Dresden - Der Mensch lebt nicht von Brot allein. Er braucht auch Kunst und Kultur. Sachsen hat viel davon zu bieten. Doch wie lange noch, fragt mancher sorgenvoll. Theater, Museen, Orchester oder Chöre blicken ungewissen Zeiten entgegen. Sachsens Kulturministerin Barbara Klepsch (61, CDU) hat sich auf den Weg gemacht, ein neues Kulturraumgesetz aufzusetzen. Es soll Strukturen sichern.
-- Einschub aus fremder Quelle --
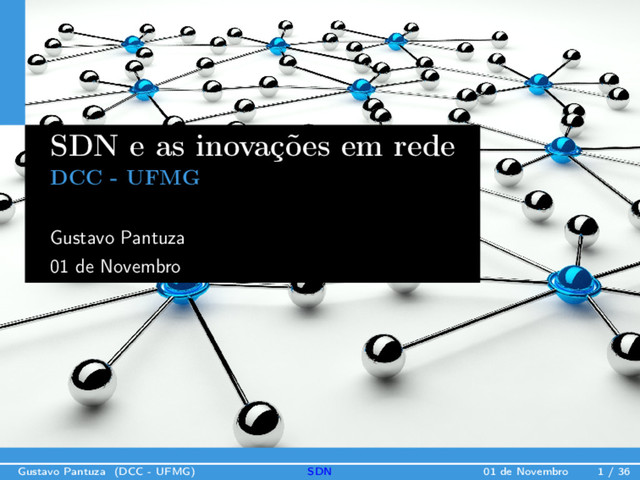 • Os experimentos tem mostrado resultados excelentes • Existe muito área pra pesquisa • Redes modernas para aplicações modernas • Redes programáveis • Padrões abertos para construção de redes Gustavo Pantuza (DCC - UFMG) SDN 01 de Novembro 35 / 36
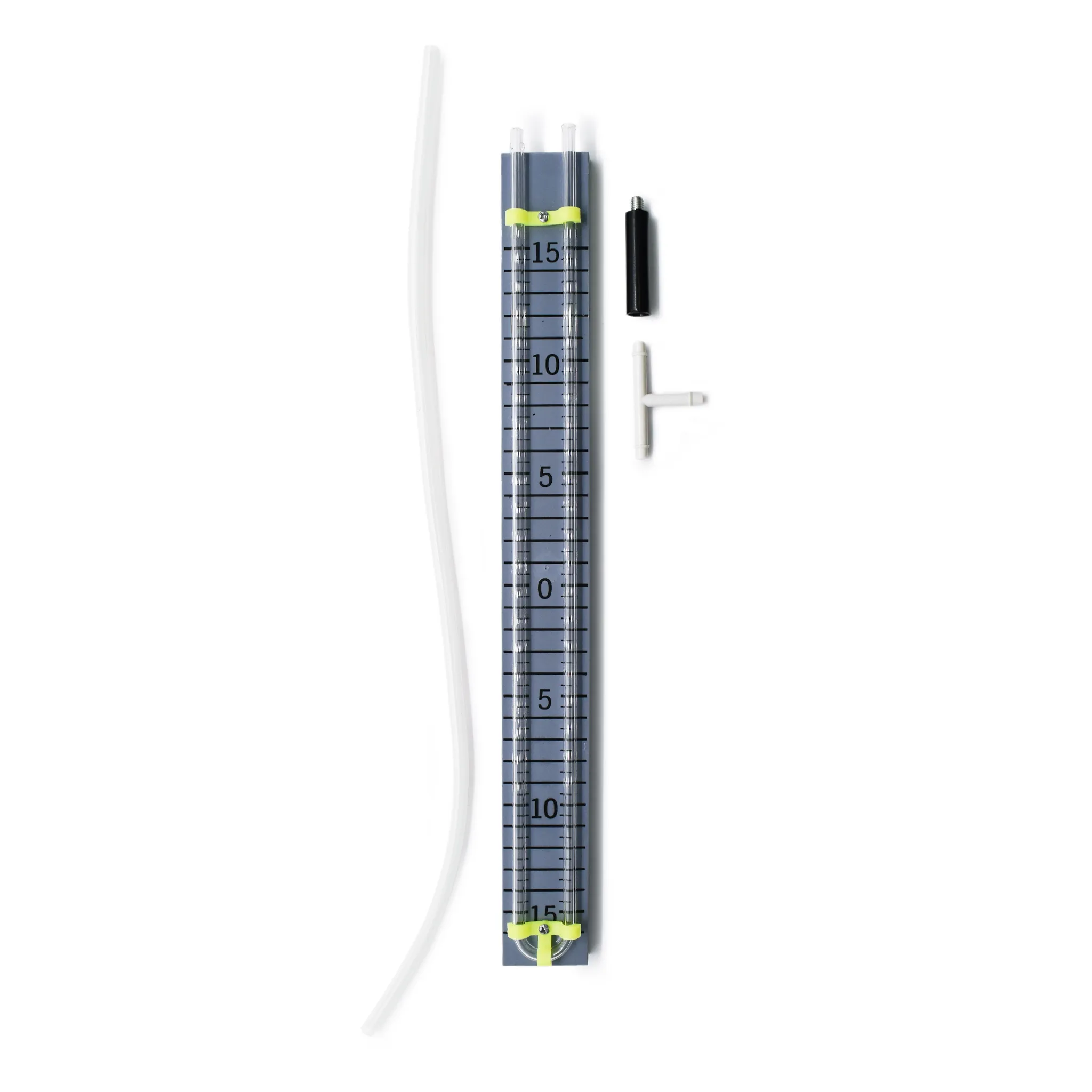 Представляет собой U — образную стеклянную трубку (длина 465 мм), закрепленную на планшете (ДхШхВ) 365х40х10 мм со шкалой с делениями не более чем через 5 мм и нулем посередине. Винт длиной длина 45 мм.

Die Erwartungen sind groß. Ebenso die Herausforderungen.
237,38 Euro - so viel Geld gab Sachsen 2021 pro Einwohner für Kultur aus. Der Freistaat lag damit einsam an der Spitze im Vergleich der Flächenbundesländer bei den Pro-Kopf-Ausgaben für Kultur (durchschnittlich 128,81 Euro).
Die Crux: Das Geld reicht nicht, um die Vielzahl an Einrichtungen und Akteuren im Land zufriedenzustellen.
"Wir brauchen dringend eine auskömmliche Finanzierung – dazu gehören dynamisierte Zuschüsse, ein reformiertes Kulturraumgesetz und endlich Planungssicherheit", sagt etwa Sandra Kaiser.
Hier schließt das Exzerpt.